Here’s the code. I hope it is helpful. If you have any better ideas I’d love to hear them and of course it would be great to get something like this built into the blueprint.
description: ""
trigger:
- platform: state
entity_id:
- input_boolean.party_lights_tv_room
from: "on"
to: "off"
condition: []
action:
- delay:
hours: 0
minutes: 0
seconds: 5
milliseconds: 0
- alias: Set Lights Back to White
service: light.turn_on
metadata: {}
data:
kelvin: 5500
brightness_pct: 20
target:
entity_id: light.tv_room_lights
- service: light.turn_off
metadata: {}
data: {}
target:
entity_id: light.tv_room_lights
alias: Turn Lights Off
mode: single
It would be great if the BluePrint could include the HA service to create a snapshot of the light entity states prior to any changes so we can call the restore service when turning off ‘party lights’.

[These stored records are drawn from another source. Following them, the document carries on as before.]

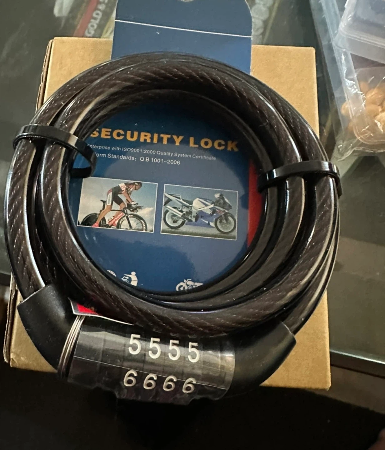 This is a 8mm x 1200mm security cable lock. The preset combination is not resettable. It's designed for securing bicycles, strollers, or gates. Made in China.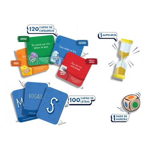 - Contém: 1 dado de madeira, 1 ampulheta, 100 cartas de letras e 120 cartas de categorias.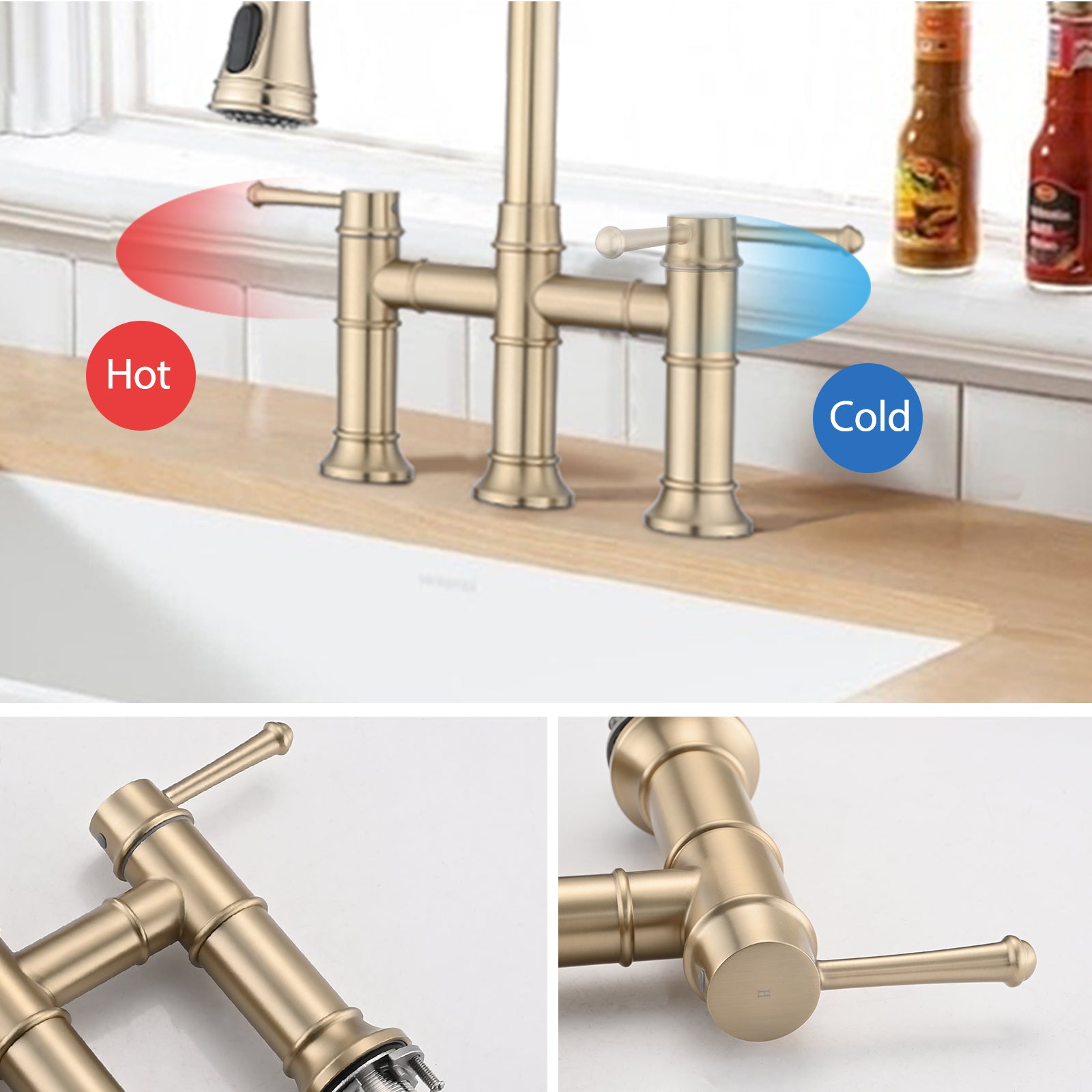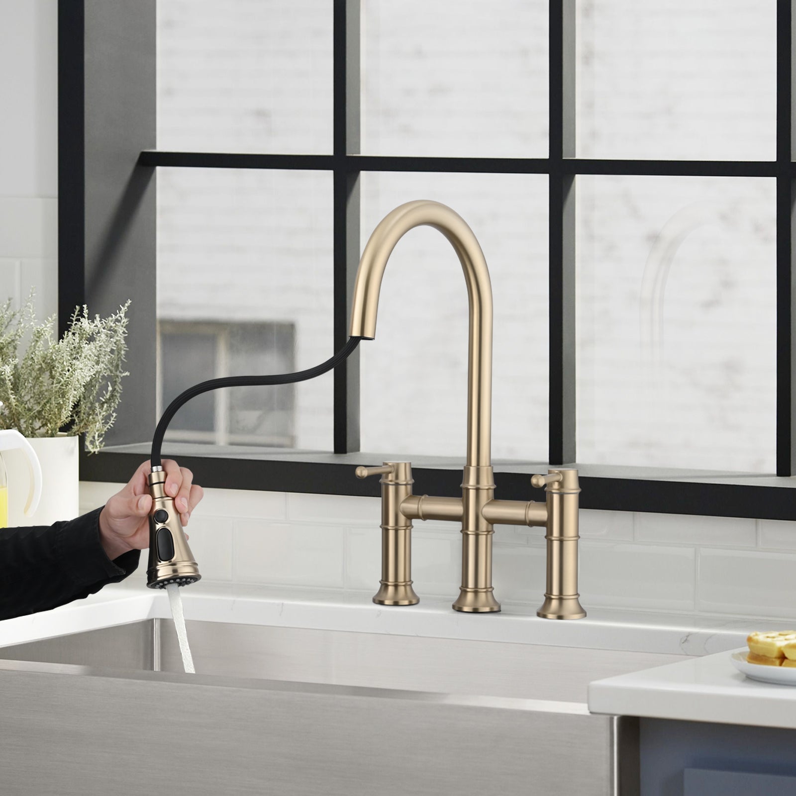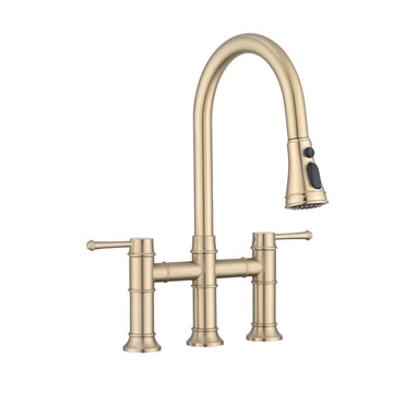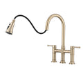 Double Handle Bridge Kitchen Faucet With Pull Down Spray Head Brushed Gold Stainless Steel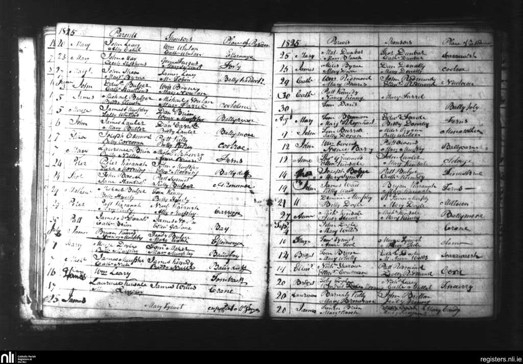 Ferns; County of Wexford; Diocese of Ferns. Baptisms, May 1825 to Sep. 1825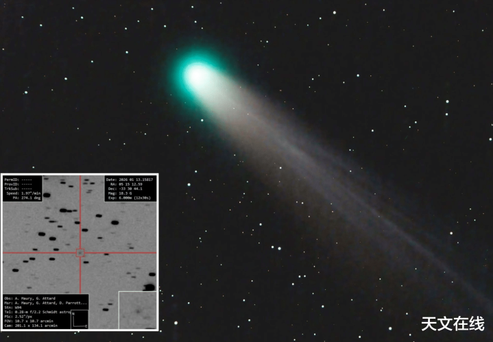 这颗新发现的彗星被定名为C2026A1(MAPS),由法国天文体家团队在智利阿塔卡马沙漠的AMACS1天文台发现。据《天际与千里镜》杂志报谈,它的宽度约为1.5英里(2.4公里),初次被不雅测到时与太阳的距离略突出地球与太阳距离的两倍。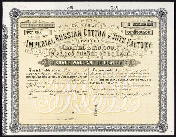 Russia, 18xx (1894), Horizontal, English and French language, 5 Shares of 5 Pounds each, Specimen Stock, Black on light yellow underprint with company initials, Ornate title no vignette, S/N 0000, POC's, Coupons attached, XF to Unc. Condition. Rare Russian related certificate. BWC.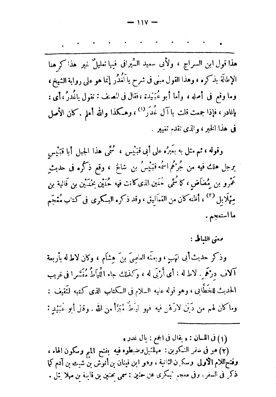 هَذَا قَوْلُ ابْنِ السّرَاجِ، وَلِأَبِي سَعِيدٍ السّيرَافِيّ فِيهَا تَعْلِيلٌ غَيْرُ هَذَا كَرِهْنَا الْإِطَالَةَ بِذِكْرِهِ، وَهَذَا الْقَوْلُ مَبْنِيّ فِي شَرْحِ يَا لَغُدُرِ إنّمَا هُوَ عَلَى رِوَايَةِ الشّيْخِ، وَمَا وَقَعَ فِي أَصْلِهِ، وَأَمّا أَبُو عُبَيْدَةَ، فَقَالَ فِي الْمُصَنّفِ: تَقُولُ يَا غُدُرُ، أَيْ: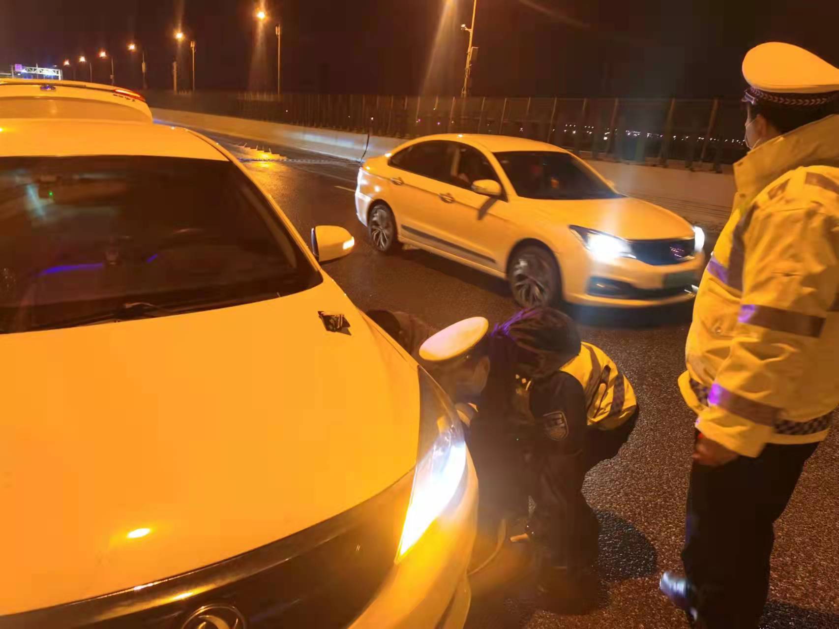 2月8日凌晨,武汉市公安局青山区交通大队民警在开展夜间巡逻时发现一台爆胎小轿车抛锚在桥面上,民警做好警戒后马上变身“换胎哥”协助驾驶员更换备胎,以最快的速度完成了换胎消除交通安全隐患。

Great blueprint, it could be added that when the trigger is turned off, all bulbs or groups return to warm white. When the trigger goes to OFF, the bulbs remain lit in color. I solved the problem myself by creating an additional script and automation for when the trigger goes to off.
I saw another similar blueprint to this one and it mentioned that prolonged use would hammer the log & database, making it grow and potentially cause issues for systems running on an SD Card. It mentioned that the best way around this was to turn off logging for the automation but it didn’t say how to do it.
As I am using this automation I thought I would ask the question here as I am sure many of us could be affected by this if you have it running many lights over say the Christmas period.
I’ve got mine all set for 1 second too. That’s anywhere from a single light to 27 if I have them all in party mode. Party lights need to flash quickly and 1 second does this reasonably well.
One thing you will need to be careful of if you set a really short loop time (ie 1 second). As I mentioned above, I’ve had mine set to 1 second since I first set it up but I have really only had the lights on for relatively short periods of time and all was good. However, I had some of them on for a long time last night and the automation crashed as I exceeded 10,000 loops. I’m not sure if there is somewhere to increase that limit. If not, then if you have a 1 second delay, you can really only run it for 10,000 seconds which is about 2 3/4 hours. Increase the delay to 2 seconds and you will get 5 1/2 hours. The problem is, at 2 seconds and greater, the lights aren’t really “flashing”. They are just changing colour slowly.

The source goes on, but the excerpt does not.